START ENTRIES PROVIDED

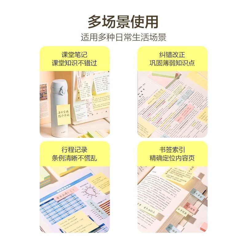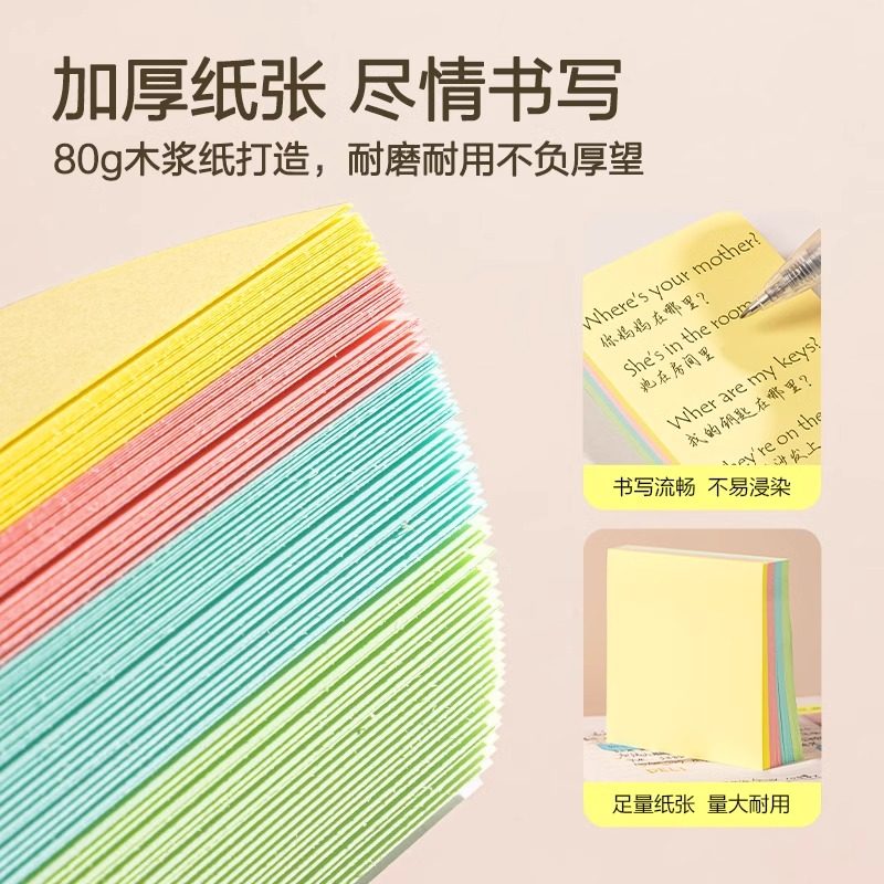 📚 得力彩色告示贴便利贴学生用创意即时贴大中小号标签贴粘性可撕便签纸 76*76mm留言纸N次贴外卖记事贴小本子
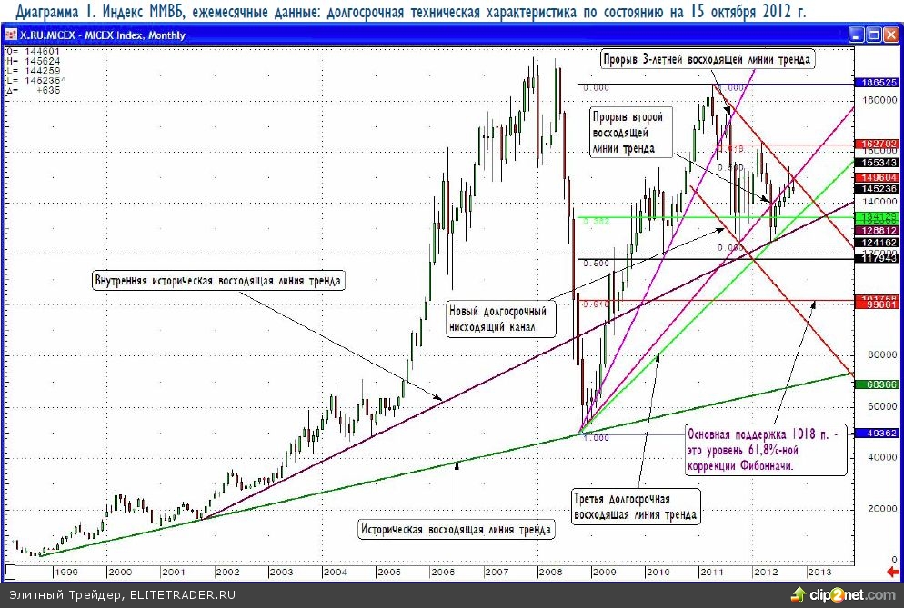 Как показано на Диаграмме 1, прорыв 3-летней восходящей линии тренда в августе 2011 г. привел к перелому долгосрочного «бычьего» тренда на российском рынке акций. Начиная с марта 2012 г. индекс ММВБ стал двигаться в границах нового долгосрочного нисходящего канала. В мае 2012 г. была прорвана (сверху вниз) вторая долгосрочная восходящая линия тренда. Следует отметить, что минимум мая 2012 г., равный 1241,62 п., совпадает со значением внутренней исторической восходящей линии тренда на тот момент. С тех пор вот уже пятый месяц индекс ММВБ «ползёт» наверх, безуспешно пытаясь прорвать эту линию тренда. Все заскоки выше нее немедленно продаются.
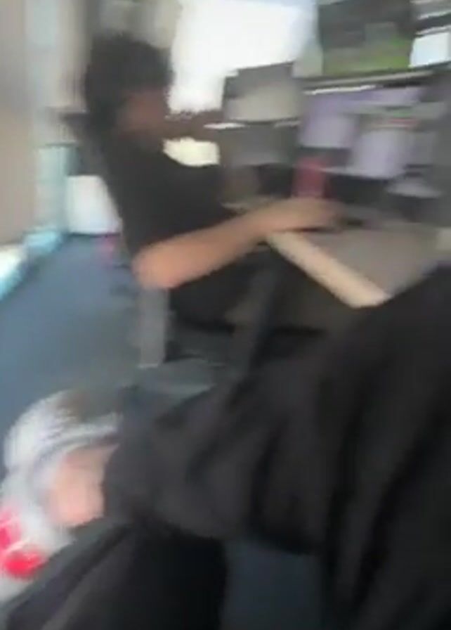 A person is sitting in an office chair, holding a football in their lap. They are wearing black pants and white sneakers with a red stripe. Another person is sitting in a chair behind them, wearing a black shirt and headphones. There are several computer monitors in the background, displaying various images and data. The office has large windows with blinds, and the floor is covered in gray carpet.
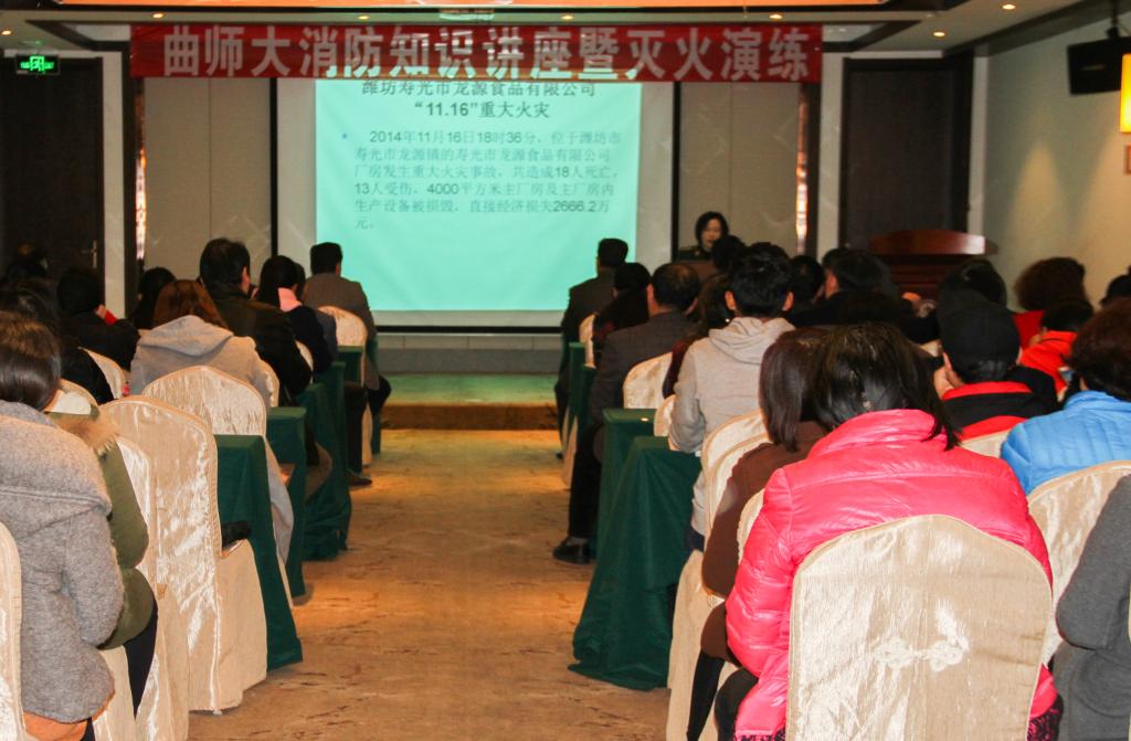 为落实学校“消防宣传月”工作部署,11月16日下午,我校联合日照市消防支队举办消防知识讲座及消防演练活动,副校长扈庆学、副校长辛杰、日照市消防支队上校陈长红出席了活动;日照市消防支队官兵,日照校区管理办公室、保卫处等有关单位负责人,各单位消防安全责任人、管理人、消防志愿者、保安及师生代表等一百余人参加了活动。
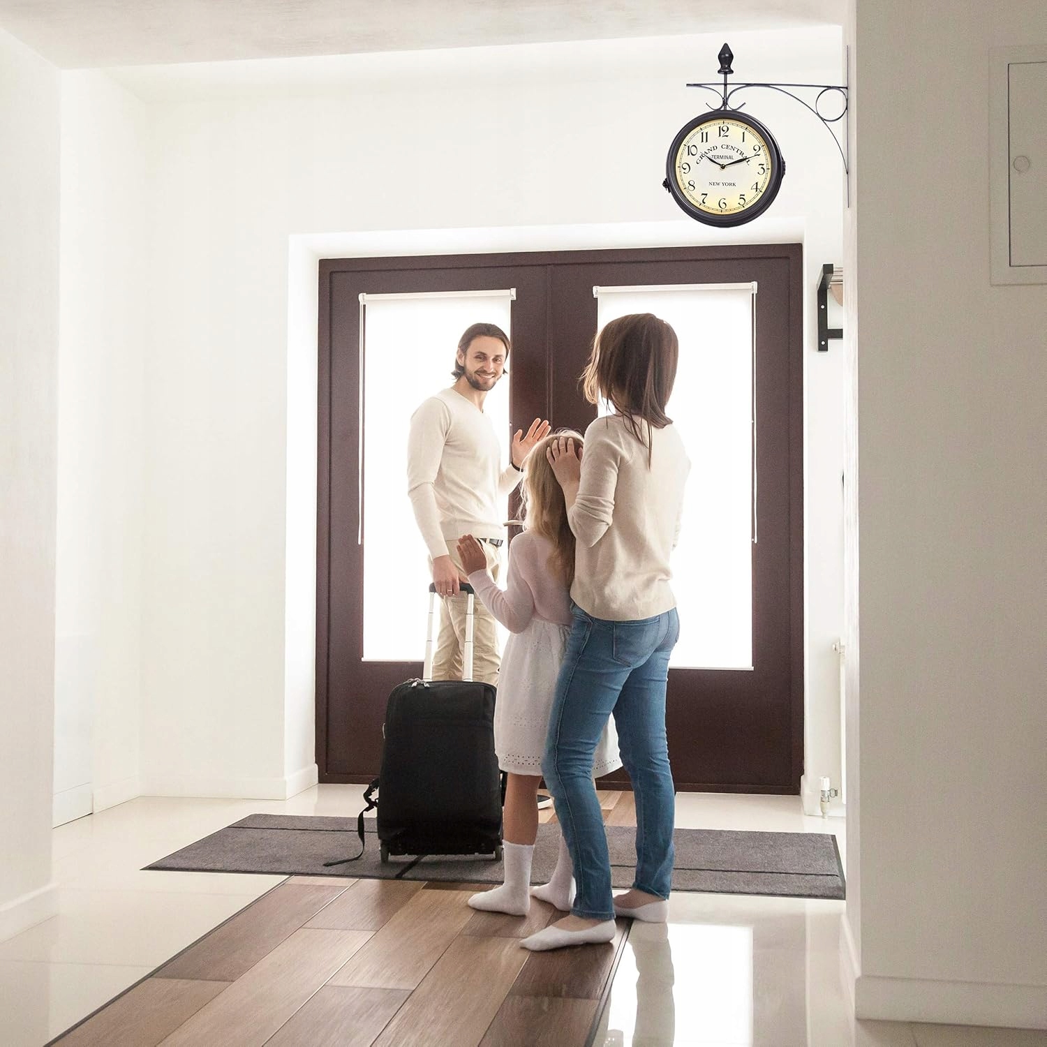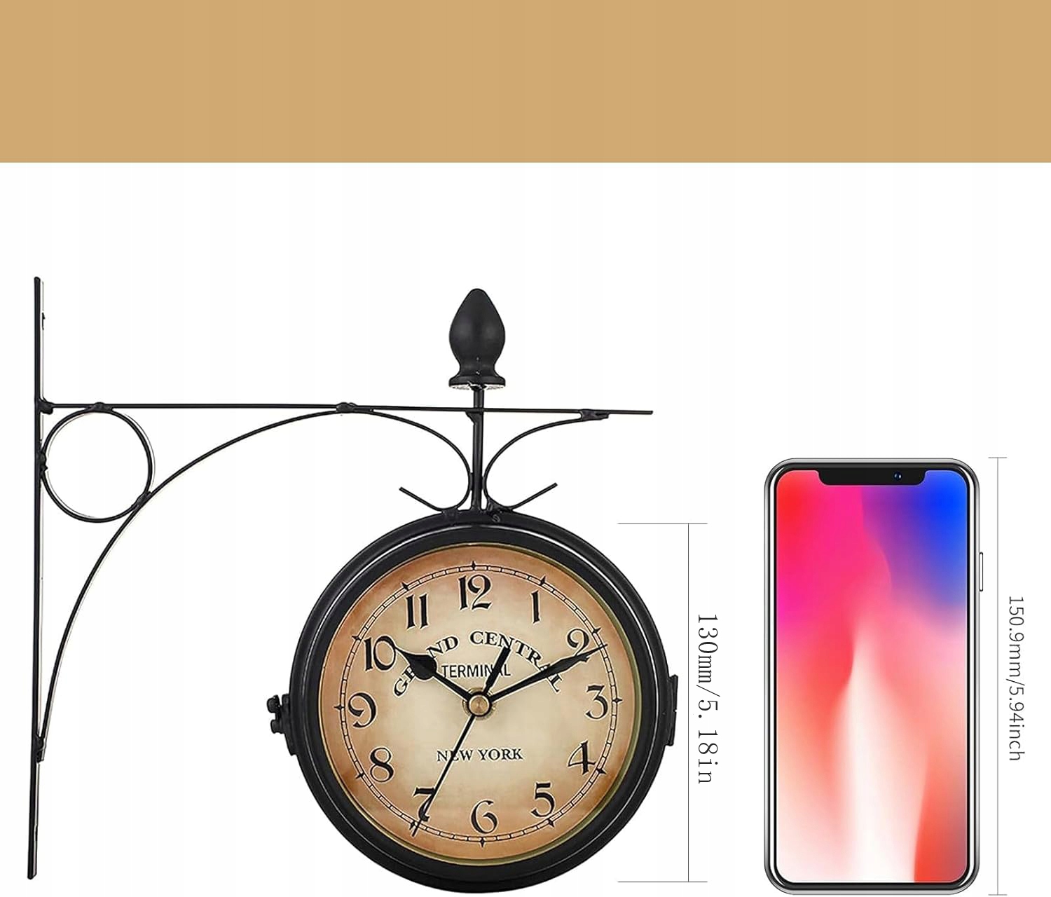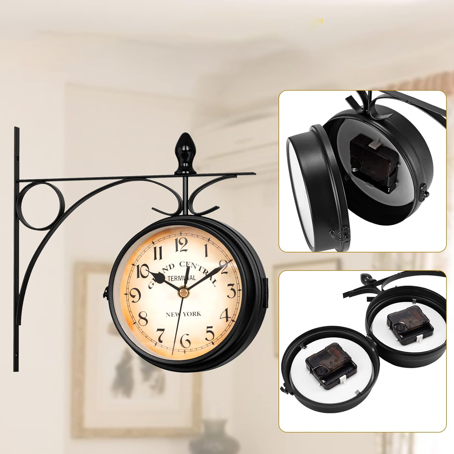 👍👍Двусторонний дизайн: Эти часы в стиле ретро имеют двусторонний дизайн, поэтому видны обе стороны, что очень практично. Декоративные настенные часы в стиле ретро на вокзале. их можно легко закрепить на стене, что делает их идеальными для установки в помещении и на открытом воздухе.

END ENTRIES PROVIDED

-- YOUR TASK --
Repeat the records in full, exactly as they appear, without the pictures.

-- COMPLETED TASK --
 📚 得力彩色告示贴便利贴学生用创意即时贴大中小号标签贴粘性可撕便签纸 76*76mm留言纸N次贴外卖记事贴小本子
 Как показано на Диаграмме 1, прорыв 3-летней восходящей линии тренда в августе 2011 г. привел к перелому долгосрочного «бычьего» тренда на российском рынке акций. Начиная с марта 2012 г. индекс ММВБ стал двигаться в границах нового долгосрочного нисходящего канала. В мае 2012 г. была прорвана (сверху вниз) вторая долгосрочная восходящая линия тренда. Следует отметить, что минимум мая 2012 г., равный 1241,62 п., совпадает со значением внутренней исторической восходящей линии тренда на тот момент. С тех пор вот уже пятый месяц индекс ММВБ «ползёт» наверх, безуспешно пытаясь прорвать эту линию тренда. Все заскоки выше нее немедленно продаются.
 A person is sitting in an office chair, holding a football in their lap. They are wearing black pants and white sneakers with a red stripe. Another person is sitting in a chair behind them, wearing a black shirt and headphones. There are several computer monitors in the background, displaying various images and data. The office has large windows with blinds, and the floor is covered in gray carpet.
 为落实学校“消防宣传月”工作部署,11月16日下午,我校联合日照市消防支队举办消防知识讲座及消防演练活动,副校长扈庆学、副校长辛杰、日照市消防支队上校陈长红出席了活动;日照市消防支队官兵,日照校区管理办公室、保卫处等有关单位负责人,各单位消防安全责任人、管理人、消防志愿者、保安及师生代表等一百余人参加了活动。
 👍👍Двусторонний дизайн: Эти часы в стиле ретро имеют двусторонний дизайн, поэтому видны обе стороны, что очень практично. Декоративные настенные часы в стиле ретро на вокзале. их можно легко закрепить на стене, что делает их идеальными для установки в помещении и на открытом воздухе.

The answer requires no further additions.